**** DATA RECORDS ****
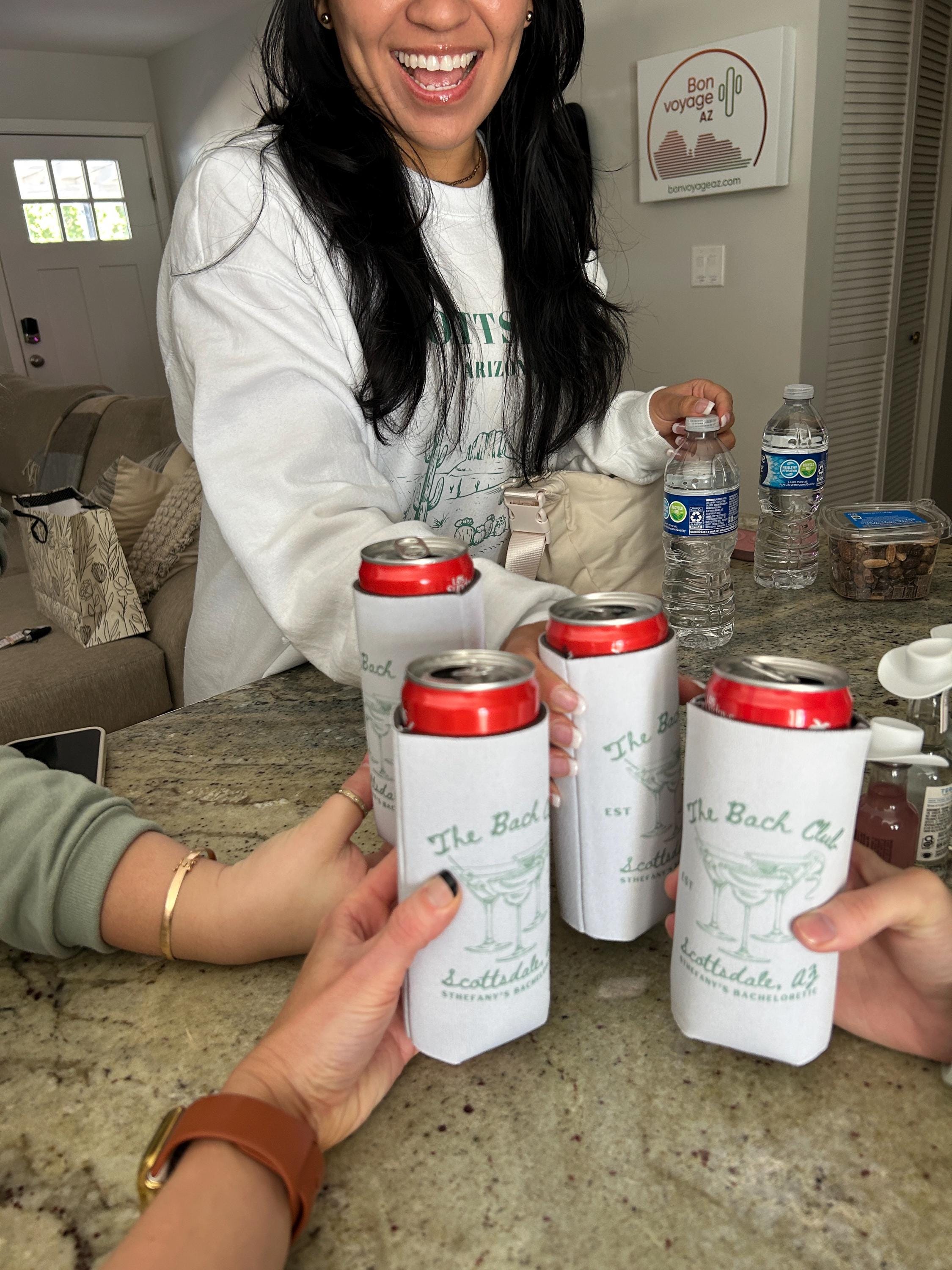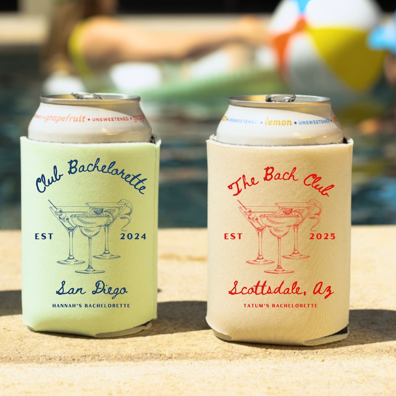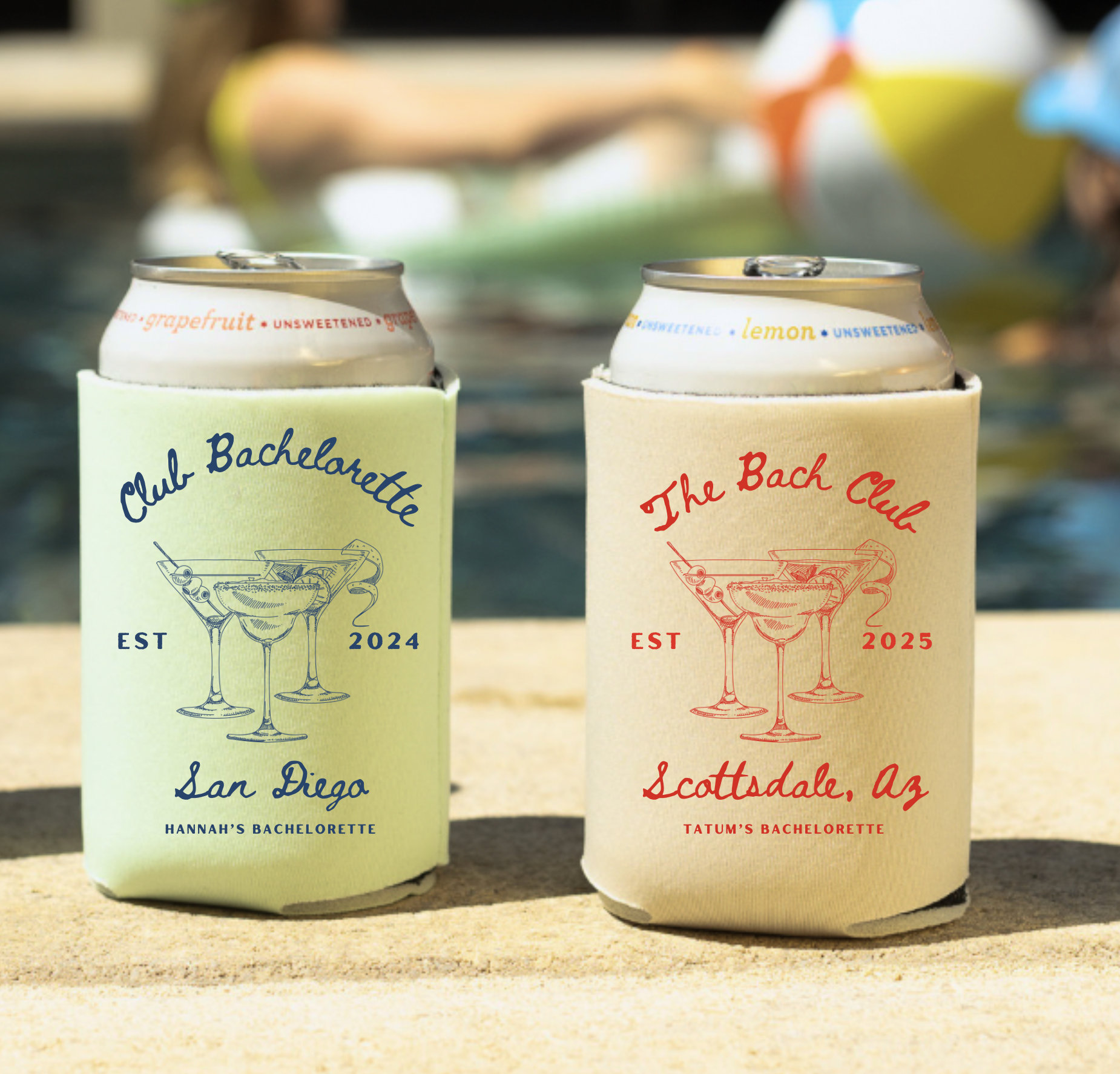 Club bachelorette is in & this has to be our favorite product EVER. Keep those drinks cool with custom bach club can coolers for the gals & guys of the bach, wedding, birthday & more! Perfect for any event you could ever think of ;)
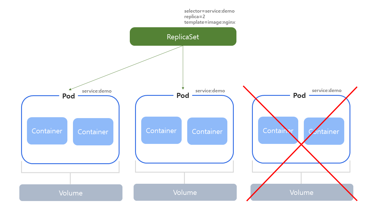 - Replica가 3이면 3개의 Pod만 띄우고, 만약 지정한 Replica 보다 Pod의 수가 많다면 Pod를 삭제하고 적다면 Pod를 추가합니다.
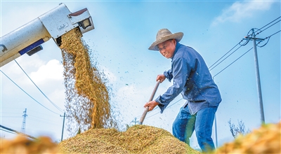 10月8日,在安徽省芜湖市繁昌区峨山镇城东村,农民在收获水稻。 |
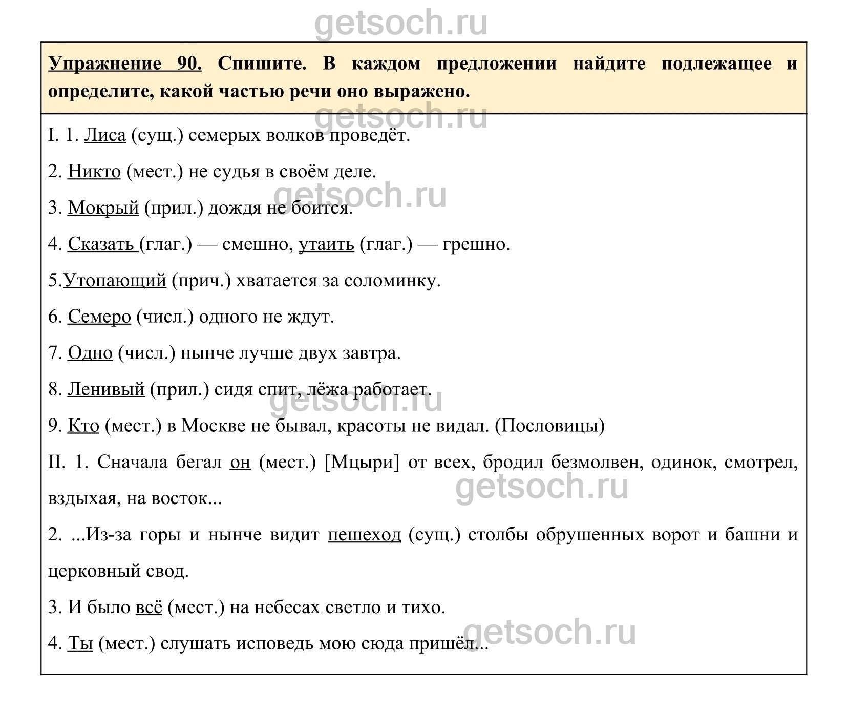 Упражнение 90. Спишите. В каждом предложении найдите подлежащее и определите, какой частью речи оно выражено.
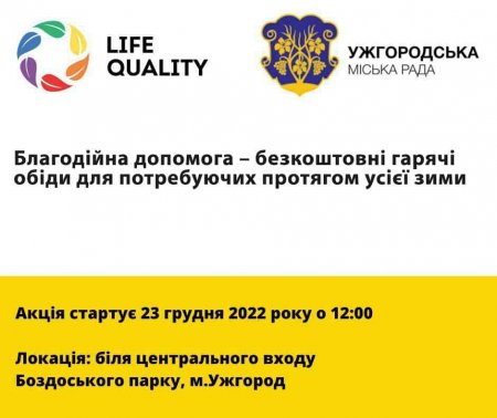 Громадська організація «Фонд «Якість Життя» разом із Ужгородською міською радою та аварійно-рятувальним загоном спеціального призначення ГУ ДСНС у Закарпатській області розпочинають благодійну акцію – гарячі обіди для потребуючих протягом усієї зими, попередньо – щоп’ятниці.
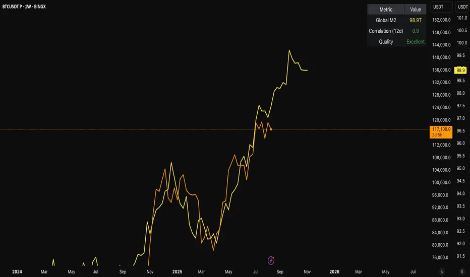 This custom indicator visualizes and analyzes the relationship between the global M2 money supply and Bitcoin (BTC) price movements. It calculates the correlation between these two variables to provide insights into how changes in global liquidity may impact Bitcoin’s price over time.
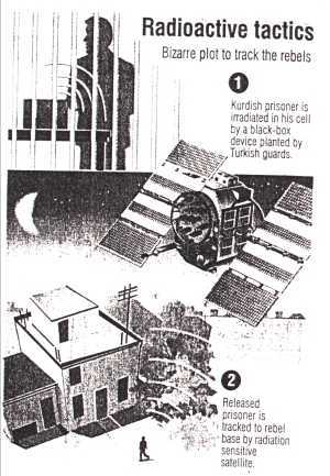 A BRITISH security company which is under investigation by Scotland Yard over an alleged plot to kill a guerrilla leader proposed the use of radiation to poison Kurdish prisoners. Aims Ltd, of Salisbury, Wiltshire, which has close links to British intelligence and the SAS, offered to arrange to irradiate Kurdish rebels held by the Turks in northern Iraq. The company told Turkish military authorities that after the Kurds were released the radiation would make it possible to track their movements and follow them to their bases. It added that the prisoners could fall ill from radiation poisoning within 21 days. Aims is already being investigated by Scotland Yard after The Sunday Times revealed that it had plotted to assassinate Abdullah Ocalan, leader of the Turkish PKK guerrilla group, for a fee of £5.75m. Now it faces fresh allegations that it has engaged in a string of mercenary activities. Confidential documents seen by The Sunday Times show that Brian Smith, the company's boss who goes by the name of "Tom", suggested the radiation poisoning in a five-page briefing document prepared for the Turkish security authorities. After discussing options for tracking the rebels, including heat detection or ultraviolet or infrared viewers, he wrote: "Radiation detection. This is a method in which a radioactive source is placed in the target and the source is then monitored. "This can be done by aircraft or satellite. The downside is that the target succumbs to radiation poisoning in approximately 21 days. This has been used by certain nations when they have released PoWs." A security official involved in the deal said Aims proposed to irradiate the prisoners from a source hidden in a metal box on a table in an interrogation cell.
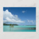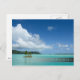 Postcard of a small island with a palm tree in the turquoise lagoon of the tropical island Bora Bora near Tahiti in French Polynesia wit a fading bar and the text: 'Bora Bora'.
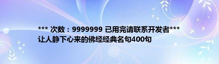本文*** 次数:9999999 已用完请联系开发者*** 让人静下心来的佛经经典名句400句到此分享完毕,希望对大家有所帮助。
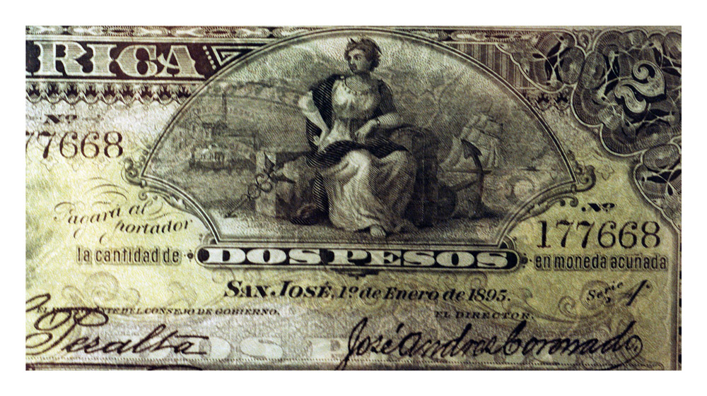 Se funda el primer banco del país, llamado Banco Nacional Costarricense, que emite billetes de 1, 2, 10 y 20 pesos, de las series A y B.
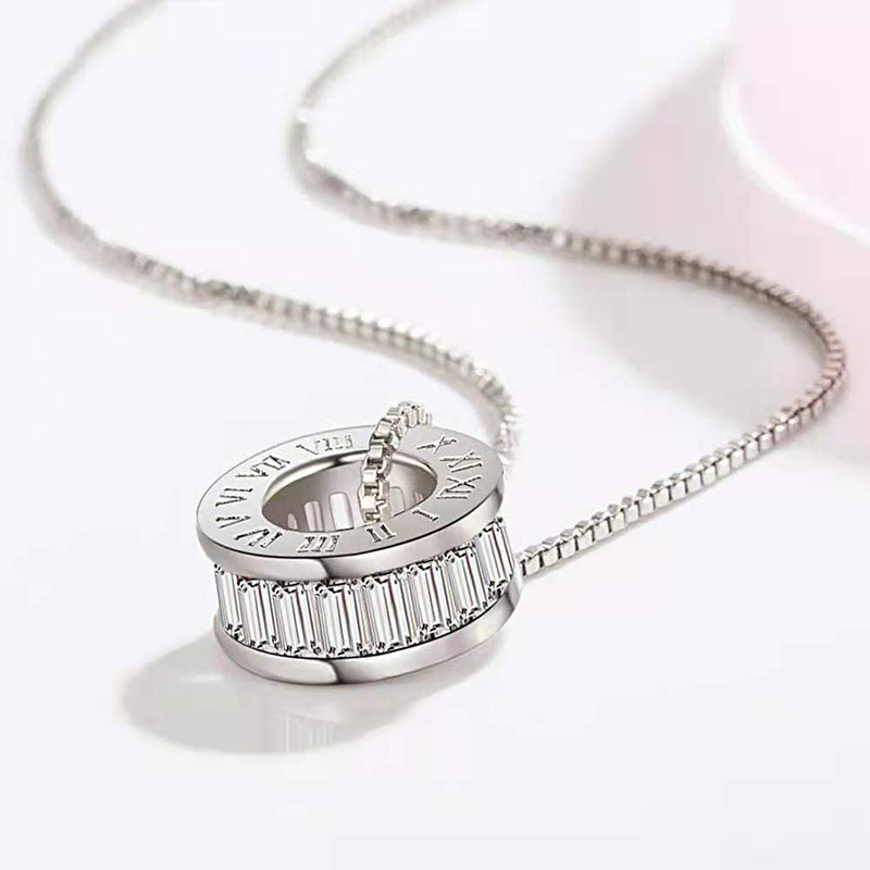S925纯银镶钻项链女款水晶吊坠日韩简约锁骨链时尚首饰生日礼物
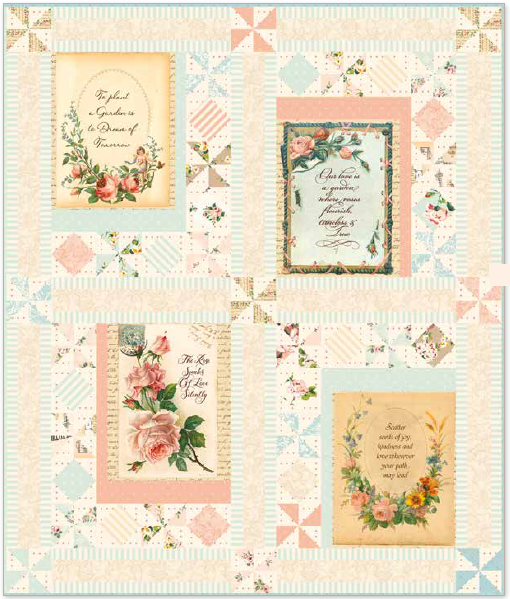 You can start collecting the flowers of Paris this month as Rose & Violet’s Bouquet des Fleurs fabrics and patterns arrive in shops and online! The Rose Garden Panel Quilt Pattern by The RBD Designers is available as a FREE download below.
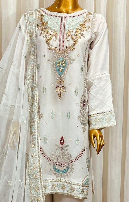 AREEBA Heavy Handwork Shirt front Neck Chiffon 3 piece ready to wear traditional suit
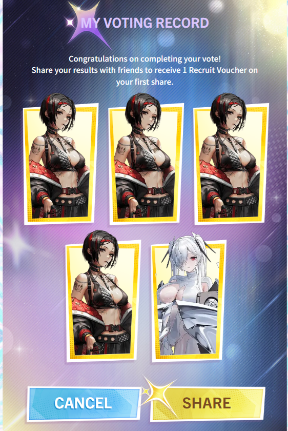 >HEY GUYS! LOOK AT ME WASTING MY VOTES ON OBSCURE NIKKE NO ONE CARES ABOUT!
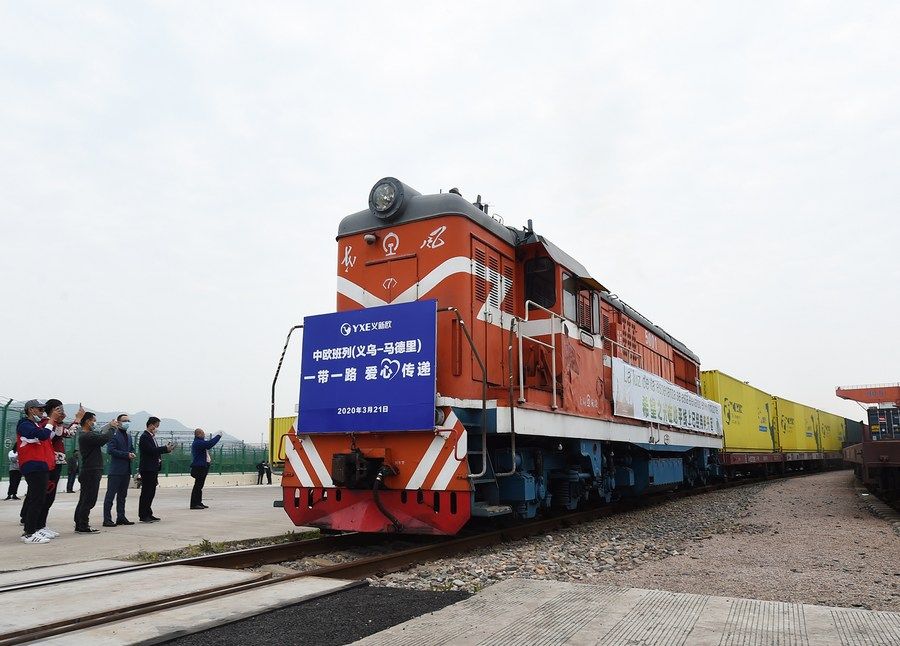 2020年3月21日,载着捐赠西班牙抗疫物资的“义新欧”中欧班列(义乌—马德里)从义乌铁路西站发车,前往马德里。 新华社发(龚献明 摄)
****
### EXERCISE INSTRUCTIONS:
From the line holding "A BRITISH security" to the line holding "Se funda el", both included, retype the entries above exactly and drop the pictures.

### RESPONSE TO THE EXERCISE:
 A BRITISH security company which is under investigation by Scotland Yard over an alleged plot to kill a guerrilla leader proposed the use of radiation to poison Kurdish prisoners. Aims Ltd, of Salisbury, Wiltshire, which has close links to British intelligence and the SAS, offered to arrange to irradiate Kurdish rebels held by the Turks in northern Iraq. The company told Turkish military authorities that after the Kurds were released the radiation would make it possible to track their movements and follow them to their bases. It added that the prisoners could fall ill from radiation poisoning within 21 days. Aims is already being investigated by Scotland Yard after The Sunday Times revealed that it had plotted to assassinate Abdullah Ocalan, leader of the Turkish PKK guerrilla group, for a fee of £5.75m. Now it faces fresh allegations that it has engaged in a string of mercenary activities. Confidential documents seen by The Sunday Times show that Brian Smith, the company's boss who goes by the name of "Tom", suggested the radiation poisoning in a five-page briefing document prepared for the Turkish security authorities. After discussing options for tracking the rebels, including heat detection or ultraviolet or infrared viewers, he wrote: "Radiation detection. This is a method in which a radioactive source is placed in the target and the source is then monitored. "This can be done by aircraft or satellite. The downside is that the target succumbs to radiation poisoning in approximately 21 days. This has been used by certain nations when they have released PoWs." A security official involved in the deal said Aims proposed to irradiate the prisoners from a source hidden in a metal box on a table in an interrogation cell.
 Postcard of a small island with a palm tree in the turquoise lagoon of the tropical island Bora Bora near Tahiti in French Polynesia wit a fading bar and the text: 'Bora Bora'.
本文*** 次数:9999999 已用完请联系开发者*** 让人静下心来的佛经经典名句400句到此分享完毕,希望对大家有所帮助。
 Se funda el primer banco del país, llamado Banco Nacional Costarricense, que emite billetes de 1, 2, 10 y 20 pesos, de las series A y B.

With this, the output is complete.